The layered rocks of the Murray Buttes on Mars tell its geological history

Sloping buttes and layered outcrops within the Murray Buttes (Image NASA/JPL-Caltech/MSSS)
Sloping buttes and layered outcrops within the Murray Buttes (Image NASA/JPL-Caltech/MSSS)

NASA published a series of photographs taken by the Mars Rover Curiosity that show the landscape of the Martian area called “Murray Buttes”. Those are very high quality images captured on September 8, 2016 using the Mast Camera (MastCam) instrument, consisting of two cameras able to get among other things photographs in natural colors. The result is a breathtaking view which at the same time is very interesting from the scientific point of view because the photographed stratified rocks show traces of Mars’ geological history.

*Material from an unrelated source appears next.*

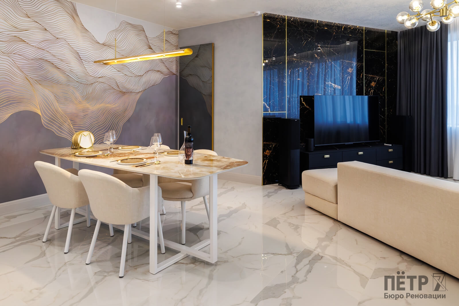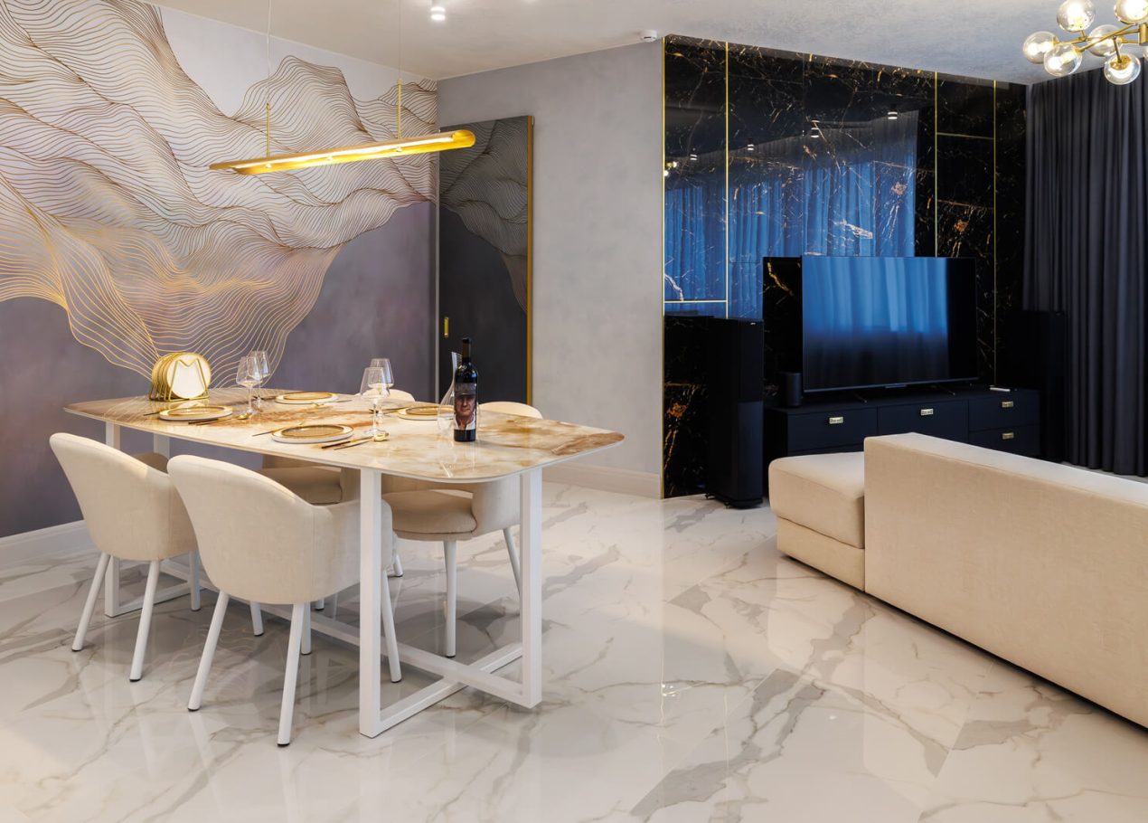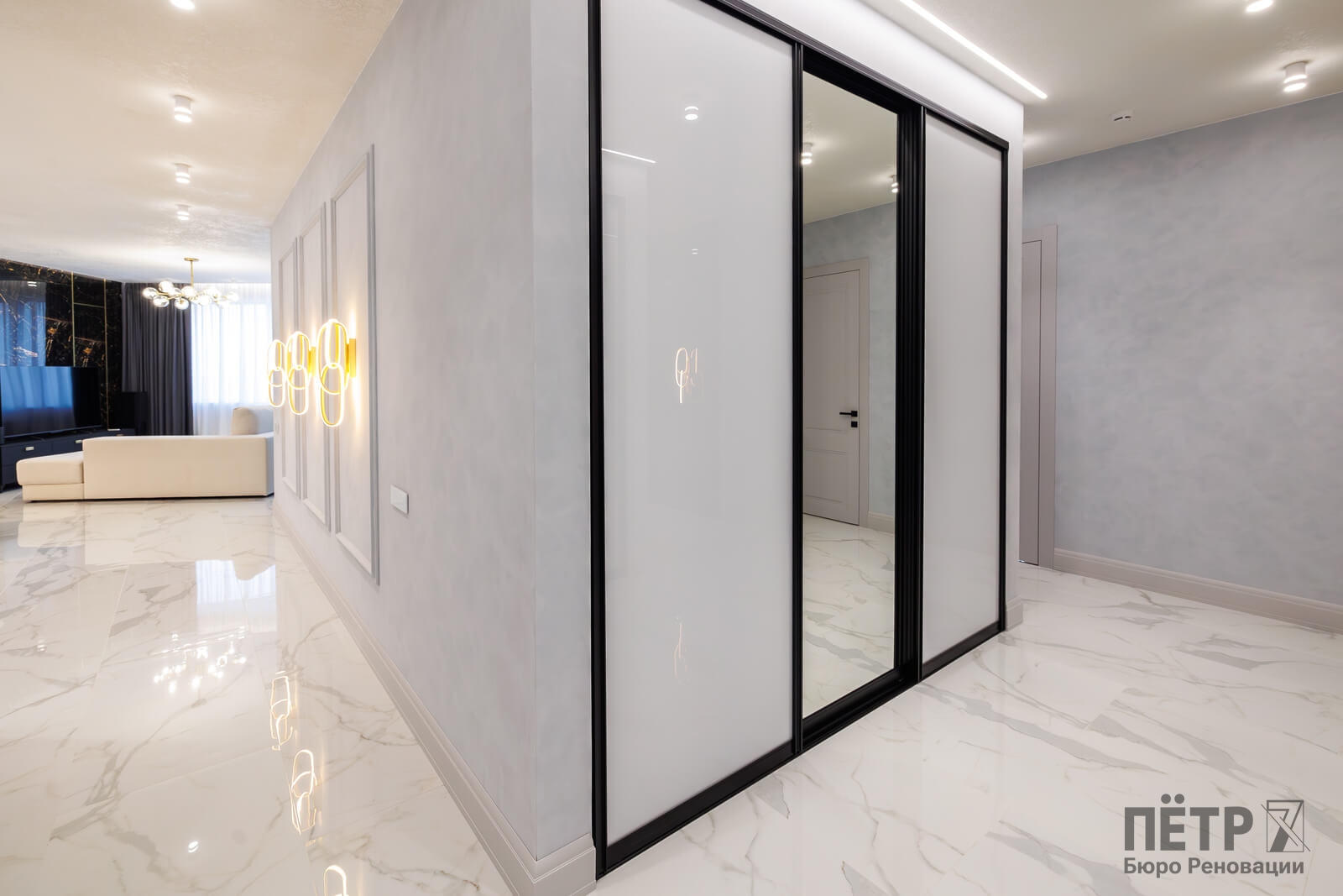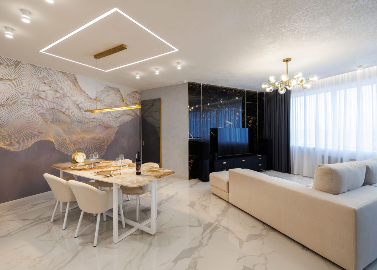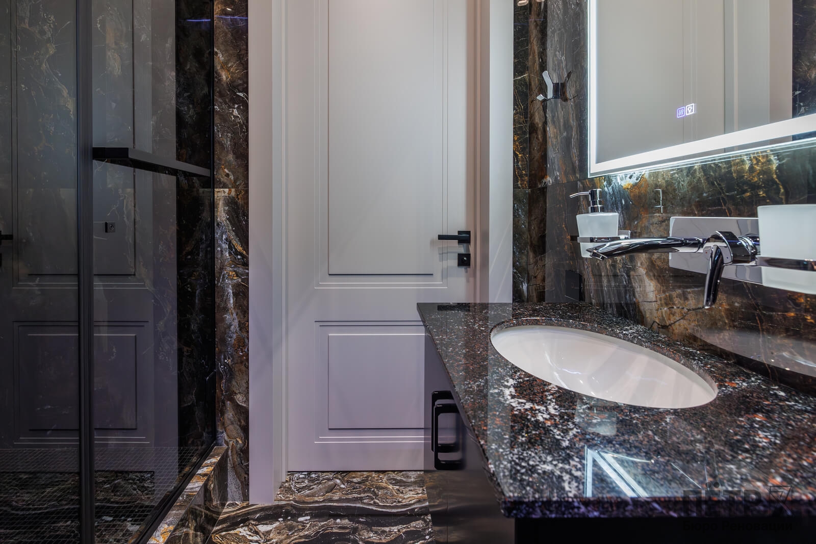 Квартира площадью 180 м² расположена на 32 этаже и имеет панорамные виды на город. Интерьер выполнен в более светлой современной стилистике с ощущением простора и воздуха: глянцевый керамогранит на полу, светлая палитра и минималистичная архитектура пространства.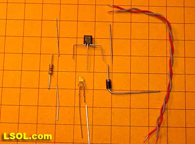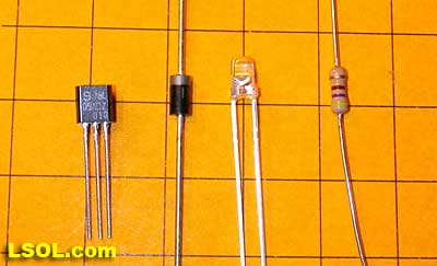 Here are the components needed. From left to right they are 78L05, 1N4004 diode, LED and 470 ohm resistor.

The Mars Rover Curiosity reached Mount Sharp in early September 2014 and Murray Buttes is on its slopes. The buttes are small isolated hills existing also on Earth. The Martians buttes are the eroded remains of ancient sandstones originated when winds deposited sand after the slopes of Mount Sharp had formed.

Ashwin Vasavada, a Curiosity Project Scientist at NASA’s JPL, explained that studying the buttes closely offered a better understanding of the ancient sand dunes that formed and were buried, chemically changed by groundwater, exhumed and eroded to form the landscape we see today. In short, these are new traces of the action of liquid water when Mars was young.

In recent days, the Mars Rover Curiosity left the last of these buttes after spending a little over a month collecting data through photographs and analyzes that followed various drilling. Now it resumed it journey south, slowly climbing Mount Sharp while the mission scientists are studying the data received. The presence of the buttes at times interfered with its communication with the probes in orbit that act as radio relay but slowly the photographs and the other data were transmitted.

At the slopes of Mount Sharp the Mars Rover Curiosity found evidence of the ancient existing conditions on the planet Mars, similar to those existing on Earth. NASA presented them over time and in October 2015 published the latest evidence that between 3.8 and 3.3 billion years ago there were lakes in what is now Gale Crater, where Curiosity landed in 2012.

The various rock layers tell a geological history that NASA scientists but also ESA’s are slowly trying to reconstruct examining the data collected by rovers and space probes orbiting Mars. The landscape created by Murray Buttes’ layered rocks raised the Curiosity mission scientists’ enthusiasm as they feel that the photographs taken can compete with those of national parks of the USA.

Closeup of layered rocks within the Murray Buttes (Image NASA/JPL-Caltech/MSSS)
Closeup of layered rocks within the Murray Buttes (Image NASA/JPL-Caltech/MSSS)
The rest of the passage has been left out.